The second US Federal Reserve rate increase in three months by 25 basis points on Wednesday will have an immediate impact in the dollar-pegged Gulf countries where cost of borrowing and cost of doing business will escalate.
In other words, the common man will have to pay higher rates of interest on his personal loan, auto loan, housing finance and credit card transactions.
In short, if you are a borrower, you're going to pay more interest; if you're a saver, you are going to get a little more interest.
However, with the dirham becoming stronger, prices of imported goods, including gold, mobile phones, electronics and home appliances will slightly come down. For expatriates, a stronger dirham means more attractive remittance rate against their home currency.
If the US Fed hikes rates two more times this year, as is widely expected, consumer's borrowing cost will go up by 100 bps or one per cent.
In other words, on a Dh100,000 bank loan, a consumer will end up paying Dh1,000 more annually.
US Fed officials indicated in December that three rate hikes would be likely for 2017. After the March 15 hike, June and December as the most likely time for rate increases.
In the UAE's real estate sector, such rate increases will result in higher cost of bank funding for projects, leading to a corresponding price increase from the side of developers in addition to rising mortgage rates.
Given that higher rates may reduce borrowing and spending, sectors such as restaurants and shopping malls that depend heavily on consumer discretionary spending may suffer. Higher rates may also force companies to slow down their hiring plans, analysts said.
For those planning on buying a property or a car, a half percentage rise in interest, will have much impact.
Most credit cards on the market have a variable rate, which means there's a direct connection to the benchmark rate. A half-percentage-point rate hike means a credit card rate will go up by as much within the next billing cycles.
Vineet Kumar Dudeja, chief executive for GCC operations at Bank of Baroda, said in three months between December 14, 2016 and March 15, 2017, bank interest rates in the UAE and other GCC countries have risen by a corresponding 50 bps following US rate hikes, making bank finances more expensive.
"For the common man, this means higher borrowing costs whether it is on his personal or car loans, credit card or housing finance. For GCC governments and large corporates, such rate hikes will escalate the cost of raising debt from bond market at a time of lower oil prices."

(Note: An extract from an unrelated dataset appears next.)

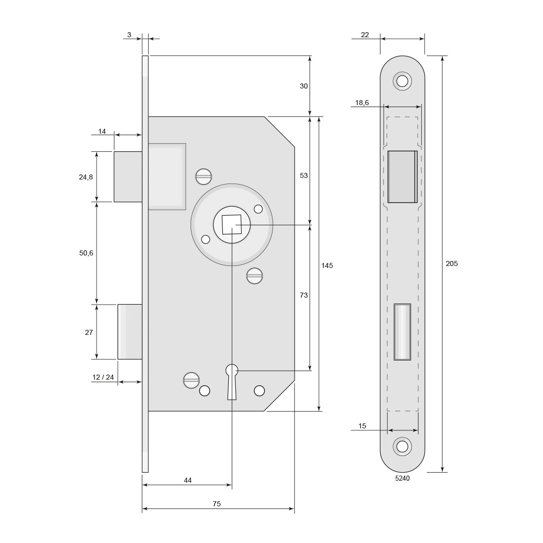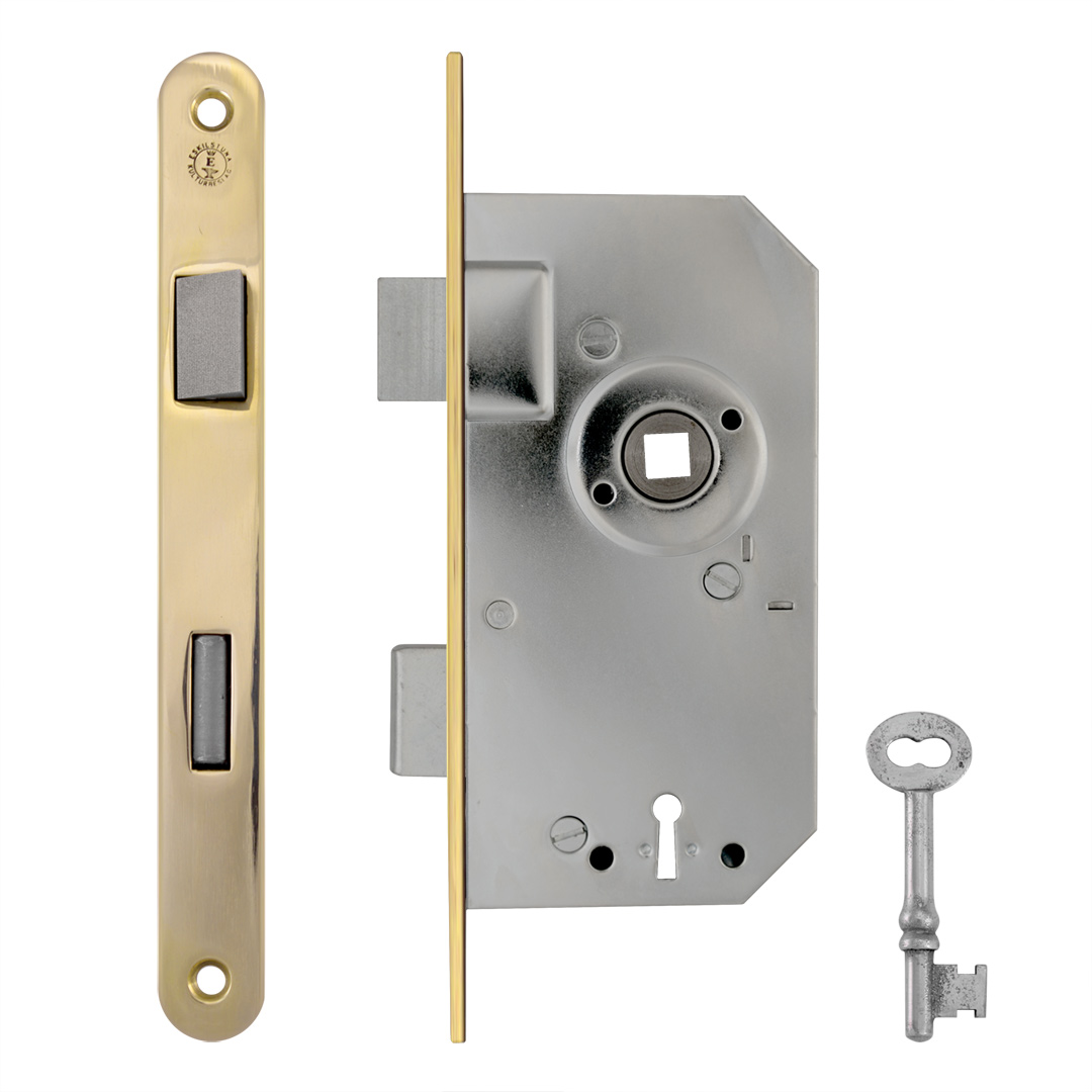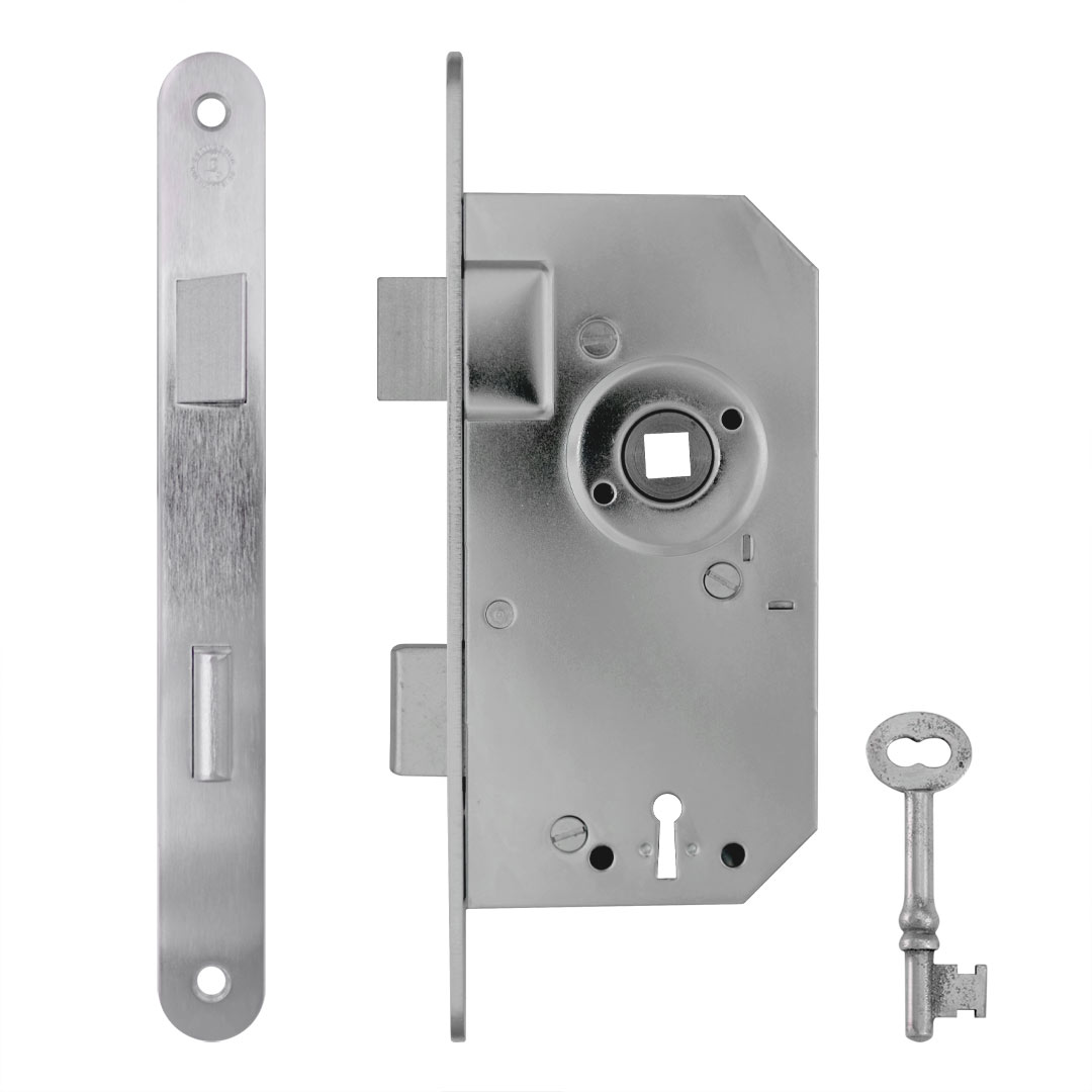 Lås för innerdörr, utformat efter en låsmodell som började tillverkas 1945 och som fortfarande tillverkas. För att säkerställa att låset ska hålla en hög kvalité är låsdelarna är tillverkade av hållbara material. Stolpen går att få i förzinkat stål eller i polerad mässing och har en bredd på 22mm. Roddaren där den fyrkantiga pinnen till dörrtrycket ska sitta är 9 mm för att även gamla modeller av dörrtrycken ska passa, vi skickar med en roddarbussning så att det även ska fungera med moderna dörrtrycken. Nyckeln tillverkas i segjärn för att man ska få den rätta känslan.

Almost immediately after the US Federal Reserve increased the interest rate by 25 basis points, a number of central banks in the GCC, including the UAE followed suit as they have been pressured by the need to protect their currencies even though an economic slowdown in the region calls for loose monetary policy.
Abbas Basrai, partner for financial services at KPMG Lower Gulf, said the currency peg of the dirham to the dollar means that local interest rates have to be aligned to those of the dollar.
"The key question is how many further increases in the interest rates will there be this year? The indications are that there could be two more rate hikes in 2017," said Basrai. Pradeep Unni, head of trading and research at Richcomm Global Services DMCC, said the immediate impact would be a spike in the borrowing costs across the financial sector which includes, auto loan, mortgage loans and personnel loans.
"Economically speaking, this rise in rates during the time of lower oil prices will only add pressure to the government to bring liquidity to the economy. This ideally means that both governments and corporations will pay more to raise debt from bond market," said Unni.
Basrai said there are several factors that drive the move for two more rate hikes. These include targeting inflation at two per cent; getting the unemployment rate under control and attaining a "normalised" interest rate. "Financial services firms are generally being squeezed by ultra-low interest rates and the potential creation of asset bubbles due to a prolonged period of low interest rate. In our view, a return to normal interest rates justifies more increases in the US Fed's interest rates and consequently in the GCC."
"For borrowers, it will become important to differentiate between existing customers and new borrowers, variable and fixed rates. An existing borrower with a fixed rate will see no impact whereas one with a variable rate will see the cost of servicing the financing going up by the rate increase," said Basrai .
All new borrowers will see the cost of servicing the financing go up too. A majority of the UAE banks have their own standard variable rate that they use to price a new transaction. The Fed rate hikes, which result in the local central banks raising their rates, obviously have an impact on the standard variable rate, said Basrai.
Another direct impact of the hike could be in the tourism sector.
"Travellers from countries of weaker currency will have to shell out more of their currency to travel to the Gulf. Rising borrowing costs can also hurt the SME sector that depends on banks or external funding for their business operations," said Unni.